Pitfalls and potential¶
Introduction¶
This page shows how you can implement the examples provided in Chapter 2 of O’Sullivan and Unwin (2010). To get most out of this, go through the examples slowly, line by line. You should inspect the objects created and read the help files associated with the functions used.
The Modifiable Areal Unit Problem¶
Below we recreate the data shown on page 37. There is one region that is divided into 6 x 6 = 36 grid cells. For each cell we have values for two variables. These gridded data can be represented as a matrix, but the easiest way to enter the values is to use a vector (which we can transform to a matrix later). I used line breaks for ease of comparison with the book such that it looks like a matrix anyway.
# independent variable
ind <- c(87, 95, 72, 37, 44, 24,
40, 55, 55, 38, 88, 34,
41, 30, 26, 35, 38, 24,
14, 56, 37, 34, 8, 18,
49, 44, 51, 67, 17, 37,
55, 25, 33, 32, 59, 54)
# dependent variable
dep <- c(72, 75, 85, 29, 58, 30,
50, 60, 49, 46, 84, 23,
21, 46, 22, 42, 45, 14,
19, 36, 48, 23, 8, 29,
38, 47, 52, 52, 22, 48,
58, 40, 46, 38, 35, 55)
Now that we have the values, we can make a scatter plot.
plot(ind, dep)
And here is how you can fit a linear regression model using the glm
function. dep ~ ind
means ‘dep’ is a function of ‘ind’.
m <- glm(dep ~ ind)
Now let’s look at our model m
.
m
##
## Call: glm(formula = dep ~ ind)
##
## Coefficients:
## (Intercept) ind
## 10.3750 0.7543
##
## Degrees of Freedom: 35 Total (i.e. Null); 34 Residual
## Null Deviance: 12080
## Residual Deviance: 3742 AIC: 275.3
To get a bit more information about m
, we can use the summary
function.
s <- summary(m)
s
##
## Call:
## glm(formula = dep ~ ind)
##
## Deviance Residuals:
## Min 1Q Median 3Q Max
## -20.303 -8.536 3.293 7.466 20.312
##
## Coefficients:
## Estimate Std. Error t value Pr(>|t|)
## (Intercept) 10.37497 4.12773 2.513 0.0169 *
## ind 0.75435 0.08668 8.703 3.61e-10 ***
## ---
## Signif. codes: 0 '***' 0.001 '**' 0.01 '*' 0.05 '.' 0.1 ' ' 1
##
## (Dispersion parameter for gaussian family taken to be 110.0631)
##
## Null deviance: 12078.8 on 35 degrees of freedom
## Residual deviance: 3742.1 on 34 degrees of freedom
## AIC: 275.34
##
## Number of Fisher Scoring iterations: 2
We can use m
to add a regression line to our scatter plot.
plot(ind, dep)
abline(m)
OK. But let’s see how to make a plot that looks more like the one in the
book. I first set up a plot without axes, and then add the two axes I
want (in stead of the standard box). las=1
rotates the labels to a
horizontal position. The arguments yaxs="i"
, and xaxs="i"
force
the axes to be drawn at the edges of the plot window (overwriting the
default to enlarge the ranges by 6%). To get the filled diamond symbol,
I use pch=18
. See plot(1:25, pch=1:25)
for more numbered
symbols.
Then I add the formula by extracting the coefficients from the
regression summary object s
that was created above, and by
concatenating the text elements with the paste0
function. Creating
the superscript in R2 also takes some fiddling. Don’t worry
about understanding the details of that. There are a few alternative
ways to do this, all of them can be found
on-line,
so there is no need to remember how to do it.

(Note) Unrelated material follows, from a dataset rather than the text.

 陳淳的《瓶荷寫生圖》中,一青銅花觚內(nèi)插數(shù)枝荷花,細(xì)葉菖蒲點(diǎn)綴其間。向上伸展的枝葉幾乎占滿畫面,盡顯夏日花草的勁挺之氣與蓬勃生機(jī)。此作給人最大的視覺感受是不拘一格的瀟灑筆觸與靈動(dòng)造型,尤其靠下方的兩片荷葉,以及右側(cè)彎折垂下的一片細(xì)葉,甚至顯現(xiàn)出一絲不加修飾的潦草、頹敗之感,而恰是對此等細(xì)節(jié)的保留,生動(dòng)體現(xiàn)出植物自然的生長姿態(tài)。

The regression line should only cover the range (min to max value) of
variable ind
. An easy way to do that is to use the regression model
to predict values for these extremes and draw a line between these.

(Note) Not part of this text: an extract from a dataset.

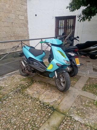Aprilia sr refrigerada por agua echa al gusto y al detalle en perfecto estado de plásticos de pintura y motor es una moto única recién pintada recién puesta a punto de motor se acepta prueba mecánica EXTRAS: Top negro con menos de 500 km Yasuni r (con papeles .homologado) Bomba de agua eléctrica de Piaggio 250cc Ojos de ángel RGB conexión blueetooth Tapa de bomba de agua personalizada Intermitentes dinámicos Amortiguador trasero de GAS Luces LED blancas MANTENIMIENTOS: aceite valbulina y junta de transmisión , muelles de embrague y embrague , filtro de aire ,guías de variador , rodillos , correa, pipa de admisión ruedas, bugia NGK +info priv

plot(ind, dep, pch=18, xlim=c(0,100), ylim=c(0,100),
axes=FALSE, xlab='', ylab='', yaxs="i", xaxs="i")
axis(1, at=(0:5)*20)
axis(2, at=(0:5)*20, las=1)
# create regression formula
f <- paste0('y = ', round(s$coefficients[2], 4), 'x + ', round(s$coefficients[1], 4))

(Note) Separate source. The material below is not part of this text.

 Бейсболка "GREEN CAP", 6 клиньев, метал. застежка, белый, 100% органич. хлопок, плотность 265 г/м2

# add the text in variable f to the plot
text(0, 96, f, pos=4)
# compute r-squared
R2 <- cor(dep, predict(m))^2
# set up the expression (a bit complex, this)
r2 <- bquote(italic(R)^2 == .(round(R2, 4)))
# and add it to the plot
text(0, 85, r2, pos=4)
# compute regression line
# create a data.frame with the range (minimum and maximum) of values of ind
px <- data.frame(ind = range(ind))
# use the regression model to get predicted value for dep at these two extremes
py <- predict(m, px)
# combine the min and max values and the predicted values
ln <- cbind(px, py)
# add to the plot as a line
lines(ln, lwd=2)
Now the aggregation. I first turn the vectors into matrices, which is
very easy to do. You should play with the matrix function a bit to see
how it works. It is particularly important that you understand the
argument byrow=TRUE
. By default R
fills matrices column-wise.
mi <- matrix(ind, ncol=6, nrow=6, byrow=TRUE)
md <- matrix(dep, ncol=6, nrow=6, byrow=TRUE)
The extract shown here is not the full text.